Vitiligo is een huidaandoening, die zich uit met witte vlekken. Bij mensen met vitiligo
vernietigt het afweersysteem de pigmentcellen in de huid.
Inenten
Als een ziekteverwekker in je lichaam komt, gaat deze zich meteen delen en
vermeerderen. De ziekteverwekker maakt ook giftige afvalstoffen aan, waardoor je
ziek wordt.
Als je ziek bent, heb je vaak pijn en ben je erg moe. In je lichaam gebeurt er heel
veel. De witte bloedcellen gaan een nieuwe antistof tegen de ziekteverwekker
aanmaken en je knapt langzaam weer op. De witte bloedcellen onthouden welke
antistof ze tegen een bepaalde ziekteverwekker moet maken. Als je weer
geïnfecteerd wordt door dezelfde ziekteverwekker, maken de witte bloedcellen
meteen de juiste antistof aan. Je wordt dan niet meer ziek, je bent immuun voor de
ziekte geworden. Dit verschijnsel heet natuurlijke immuniteit.
Xenotransplantaties
In veel landen, waaronder Nederland, zijn er lange wachtlijsten voor organen die
getransplanteerd moeten worden. Om de wachtlijsten voor transplantatie te
verkorten, wordt er gekeken naar alternatieve manier:
-
Kunstorganen
Klonen
Beide opties hebben tot nu to niet veel succes gehad, een derde optie is
xenotransplantatie. Hierbij worden cellen, weefsels of organen van dieren in
mensen getransplanteerd.

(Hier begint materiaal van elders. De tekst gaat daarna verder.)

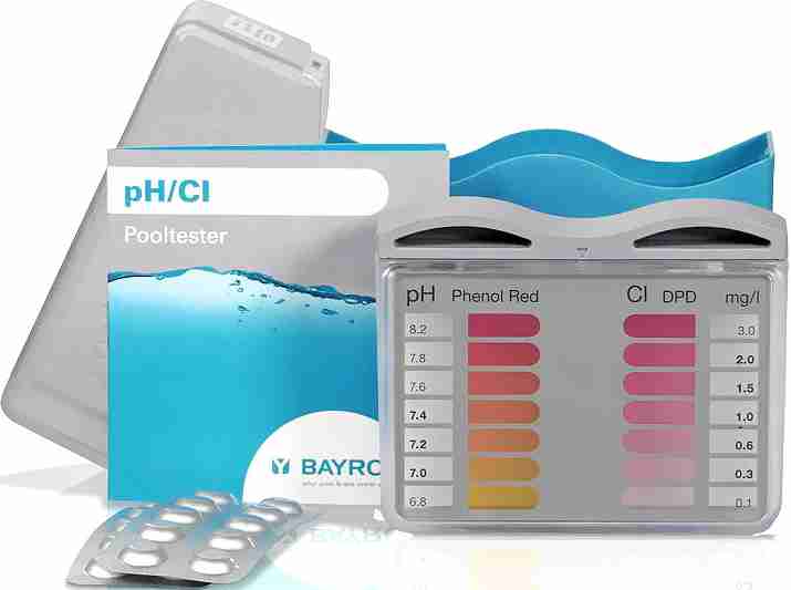 Portatiivne tabletitester aitab teil kodustes tingimustes kiirelt ja lihtsalt määrata vee pH/Cl taset. Tester koosneb kahest mensuurist ja värvilisest indikaatorist koos tähendustega. pH näitajate testiriba sisaldab 7 tähendust alates 6.8 kuni 8.2 kaasaarvatud. Klooritase määratlemise tabel (Cl) sisaldab 7 tähendust alates 0.1 kuni 3.0 mg/l. pH/Cl tähenduste määratlemiseks kasutatakse testris reagent-tablette DPD №1и Phenol Red.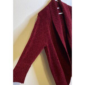 SEVEN 7 Burgundy Sweater Chenille Open Front Cascade Flowing Cardigan XL Soft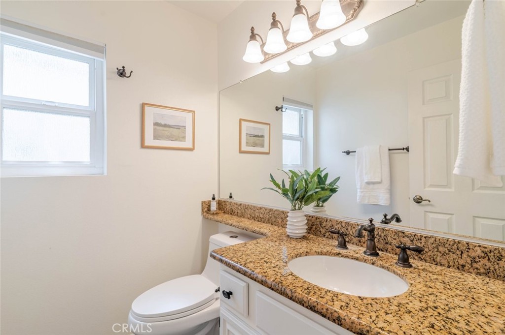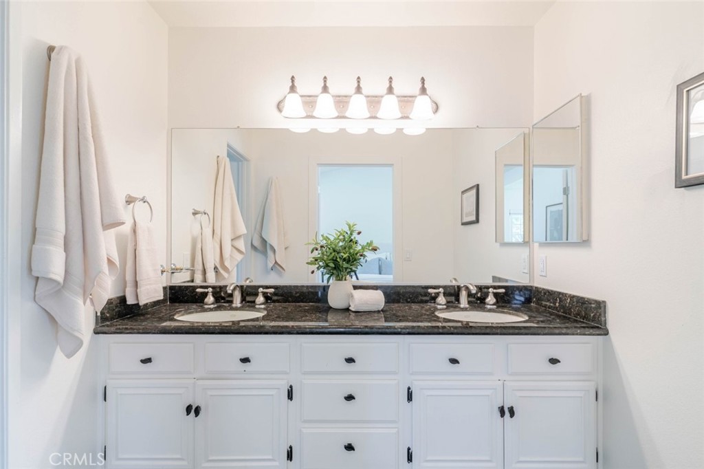 The updated kitchen showcases stainless steel appliances, granite countertops, and ample cabinetry, with matching granite finishes in all bathrooms. The primary suite offers a true retreat with a walk-in closet, dual sinks, and a luxurious separate tub and shower.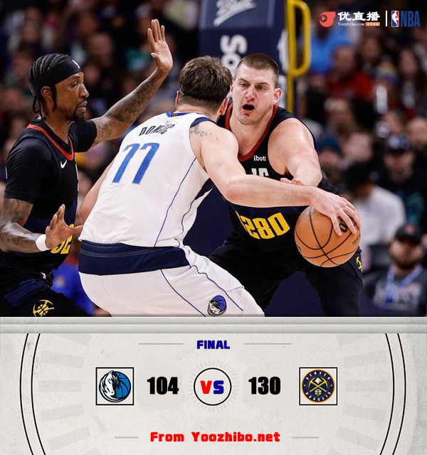jrs直播网12月19日讯 NBA常规赛,掘金主场迎战独行侠。掘金西部第四,独行侠西部第三。上半场,开场双方短暂相持,掘金内外开花占据场上主动,东契奇高效输出,戈登和穆雷联手拿分帮助球队保持优势,次节双方大打对攻,东契奇继续全面表现,但掘金连中三分将分差拉开到两位数,半场打完掘金68-59领先9分。易边再战,独行侠命中率骤降,掘金一波10-0取得20分优势,末节掘金持续发力打出13-4的攻击波,独行侠换下东契奇投子认负。最终,掘金130-104大胜独行侠,主场过关。

Het meest bruikbaar zijn delen van dieren die veel op
die van mensen lijken.
Bij een xenotransplantatie loop je wel tegen de volgende problemen aan:”
-
Het risico dat bepaalde ziektes die bij dieren voorkomen, overgebracht worden
op mensen.
De kans op afstoting is groot, dieren hebben een ander DNA dan mensen.
Een dierenorgaan gaat minder lang mee omdat dieren niet zo oud worden (
tien tot vijftien jaar ).
Het duurt erg lang voordat de organen van het dier op de juiste grootte zijn.